I am running an HTTP service and want to put nginx in front for SSL termination. This can be done in two ways; either as a stream proxy

stream {
    server {
        listen               443 ssl;
        ssl_certificate      /certs/fullchain.pem;
        ssl_certificate_key  /certs/privkey.pem;
        proxy_pass           ip-for-backend-service:80;

or as an http proxy

http {
    server {
        listen 443 ssl;
        ssl_certificate      /certs/fullchain.pem;
        ssl_certificate_key  /certs/privkey.pem;

        location / {
            proxy_pass       http://ip-for-backend-service:80;
            proxy_set_header ...;

From a quick glance it seems like that the configuration of the stream proxy is much simpler since you don't have to add a bunch of extra headers (proxy_set_header etc) and other configuration.

I am trying to understand the pros and cons between these two methods, and in particular I have the following questions:

  1. Will either method leak more information about the backend service? For example, will the ip-for-backend-service be visible?

  2. Will either method result in better protection from attacks? I guess if the backend service has flaws it will be visible/exploitable through both options?
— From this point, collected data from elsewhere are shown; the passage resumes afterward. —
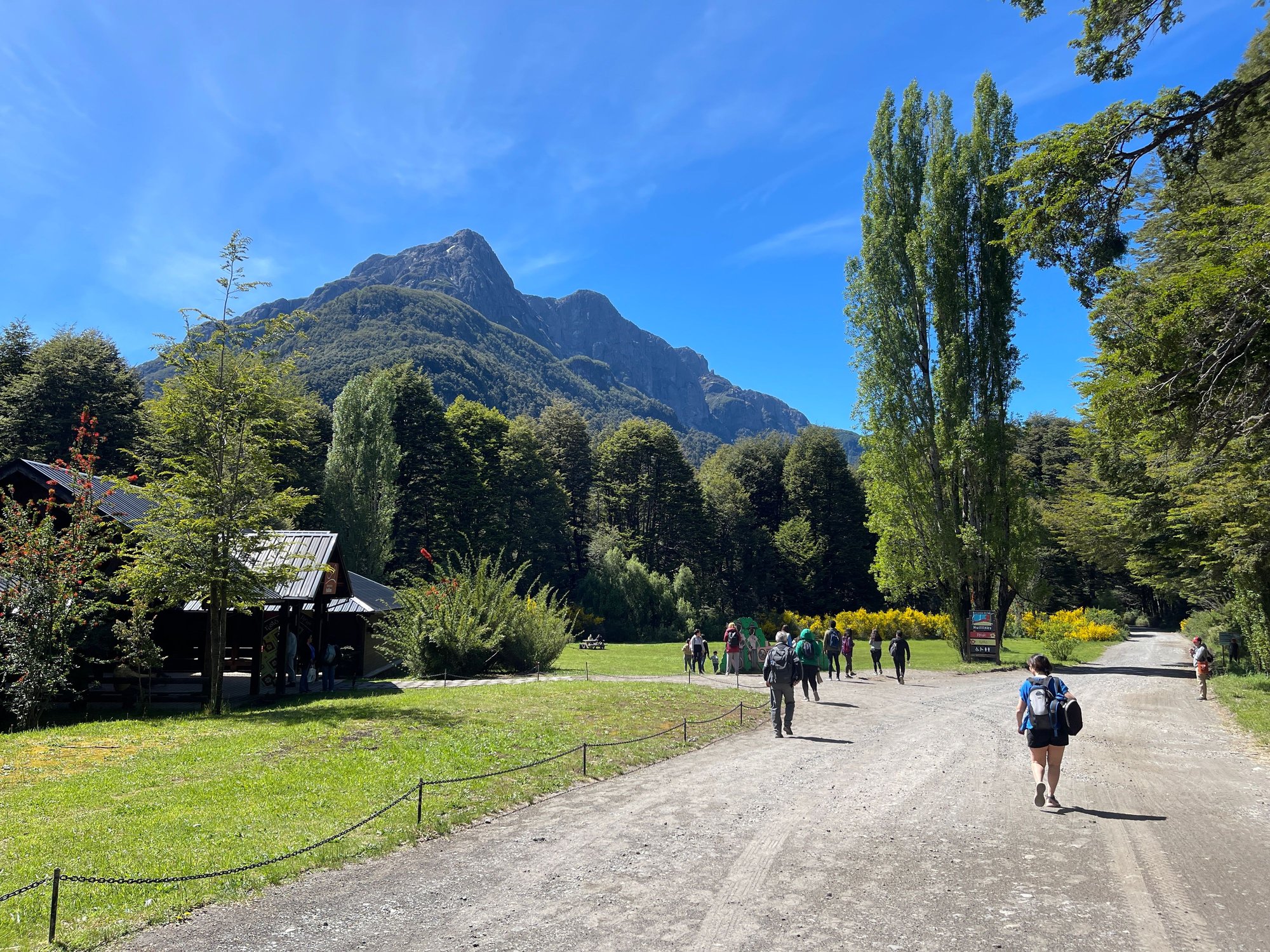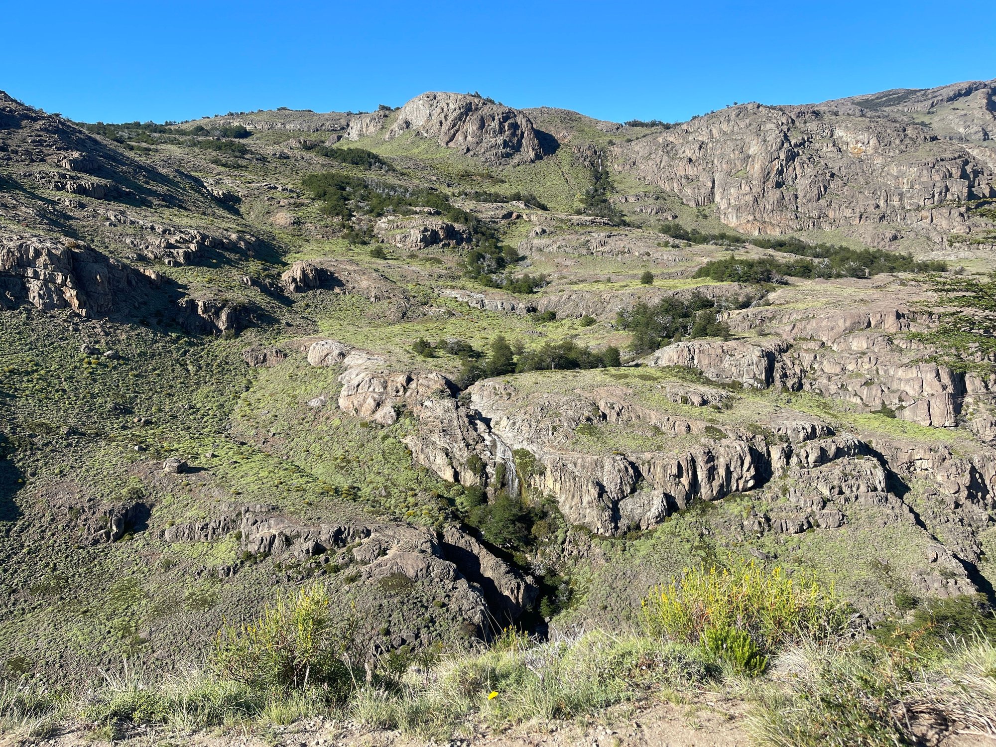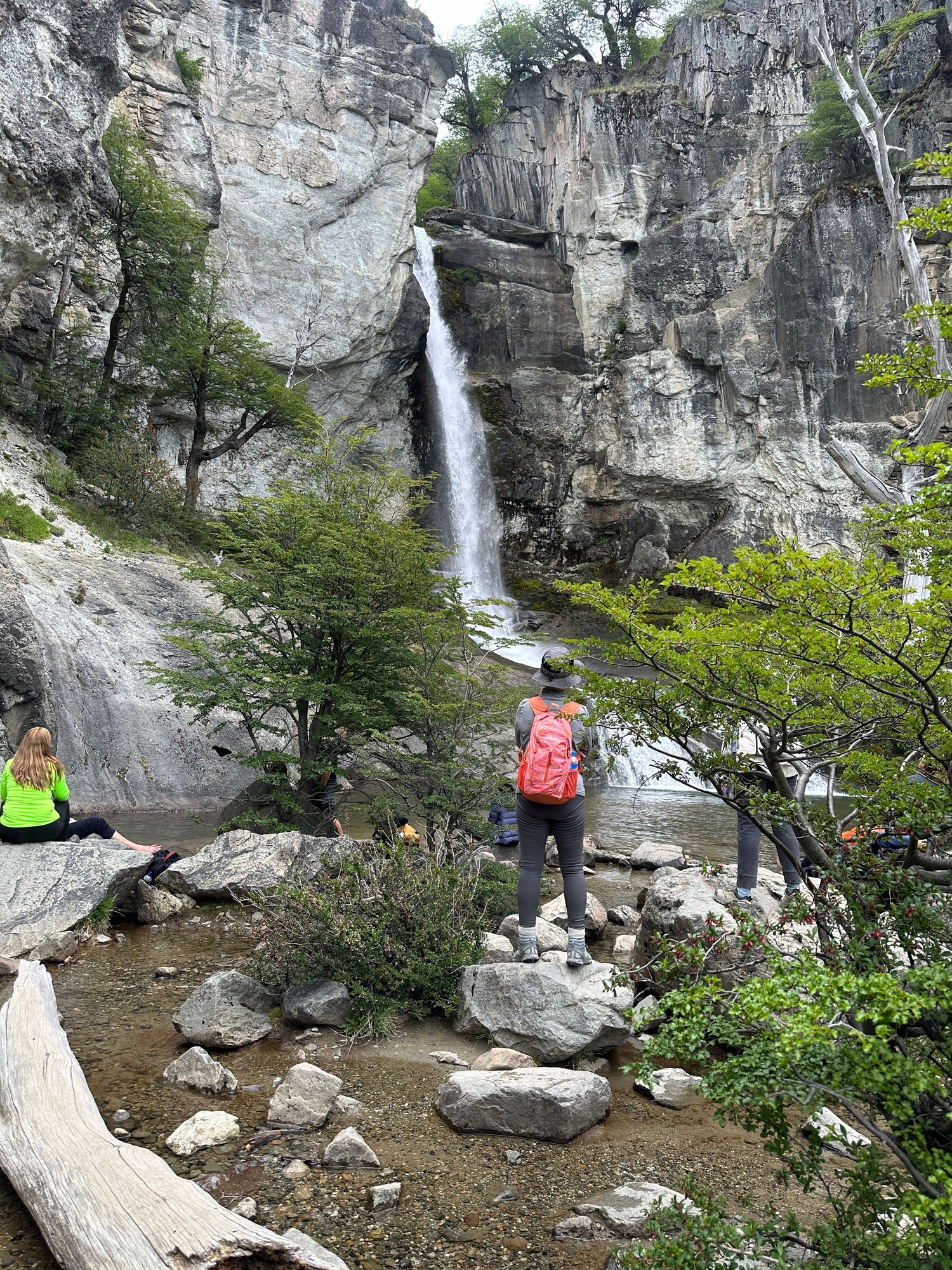 - The next 4 days forecast for El Chalten were sunny. We were happy and anxious to get on the bus to El Chalten. We pre booked the Caltur bus which coasted-US25 round trip per person. We were able to get the second row seats on the upper level. The scenery on the way was gorgeous and the Andes backdrop with the lakes were so beautiful. Cerro Fitz Roy came into view when we passed the half way rest stop. It was stunningly beautiful! After traveling for more than 3 hours, we arrived at El Chalten. We had booked Grande Rancho hostel for 3 nights. It was situated near the trailhead for our planned hikes. We had a double room which cost US$158 for the 3 nights. After checking in and having lunch at the hostel’s restaurant, we set out for our first day warm up hike with a 4.5 mile round trip to the waterfalls-Chorrillo del Salto. It was an easy and popular trail for sure.
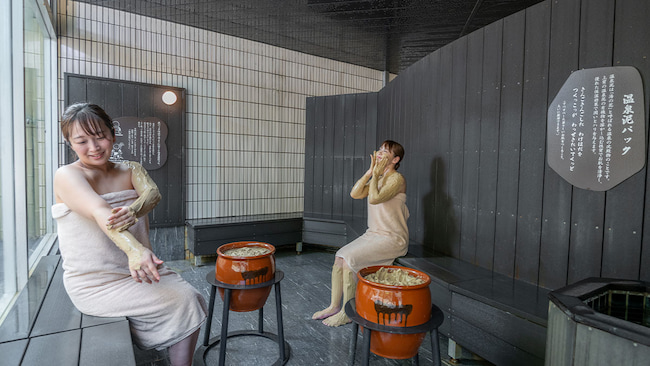 リニューアルされた露天風呂「霧乃湯」では、霧島の大自然を感じながら極上の癒し時間を。また、男女ともに利用できる泥パック「霧香」など、癒しの温泉施設が充実しています。
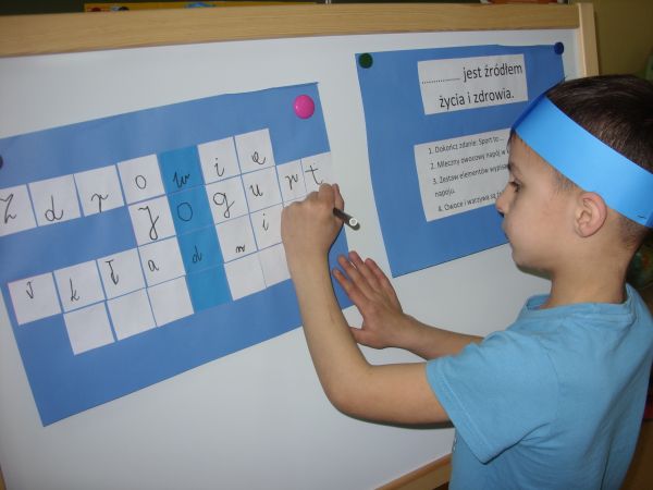 Dzieci rozwiązywały krzyżówkę, której hasłem jest woda- źródłem życia i zdrowia.

  3. Which option is more efficient? I think that the stream option might be faster since it just routes the traffic and there is no http-server in the middle?


1 Answer 1


With both methods the upstream IP address will remain hidden.

As for the rest:

  • stream is certainly faster, since less code is executed. However both are well-written C code and when you compare it with network delays, the difference might not be noticeable.
  • With stream the upstream logs will only contain one client IP address (the address of the proxy server). This can be changed with the proxy_bind directive, but requires additional networking setup. On the other hand adding an X-Forwarded-For header in the http setup is straightforward:

    proxy_set_header X-Forwarded-For $proxy_add_x_forwarded_for;
  • With stream the upstream server needs to be manually configured to consider the incoming connection secure: e.g. Tomcat requires the addition of scheme="https" and secure="true" on the <Connector> element. Using the http proxy and a X-Forwarded-Proto header the upstream server can decide whether HTTP or HTTPS was used on a per-connection basis.
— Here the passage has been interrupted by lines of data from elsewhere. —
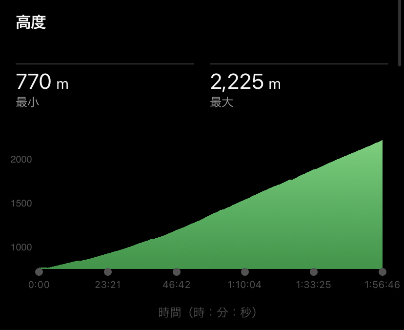 タイムは自分の時計で1時間56分46秒!(馬返しラップが1時間3分ぐらい)
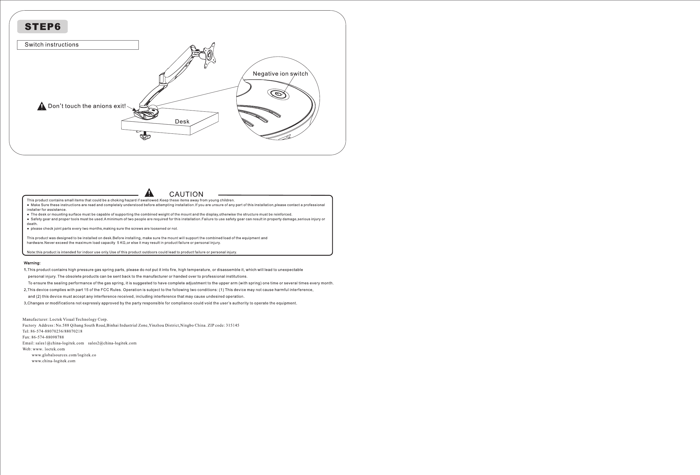 Loctek Visual Technology DLB502-N Computer Mount With Negative ion User Manual DLB502 N
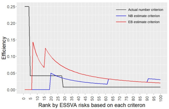 Figure 6 shows the efficiencies calculated by the procedure explained in Section 2.4 based on the three criteria. It can be seen that the actual number criterion had the highest efficiency up to the 6th ESSVA risk rank, whereas the EB estimate criterion had the highest efficiency from the 7th up to about the 60th risk rank. This means that, in this study case, while using the actual number of ESSVAs was more efficient in extracting the top six risky locations, using the EB estimation was more efficient in extracting the risky locations beyond these six locations.
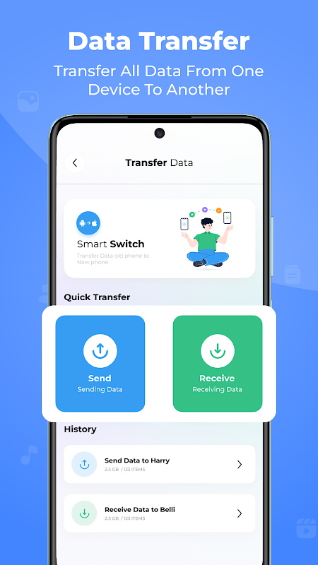 Phone clone data transfer app utilizes all types of file formats. Smart Phone transfer app backup all the content of Android. Fast phone clone- a data sharing app is beneficial to copy my data content transfer app that moves all the data from one device to another. Using a smart Data transfer simplifies the process of transferring data from one device to another. You can use the Transfer My Data app for easy transfer between smart phones. Effortlessly transfer all data to your device with the Smart Data Transfer- phone clone app.

The question of the security of the setup is quite opinion-based:

  • Using the http proxy, you can limit the URI paths that will be proxied, hence you will not expose to the public the administrative part of your website,
  • On the other hand, by adding additional computational strain on your system (against the alternative of accessing the upstream server directly), you are more exposed to DDoS attacks.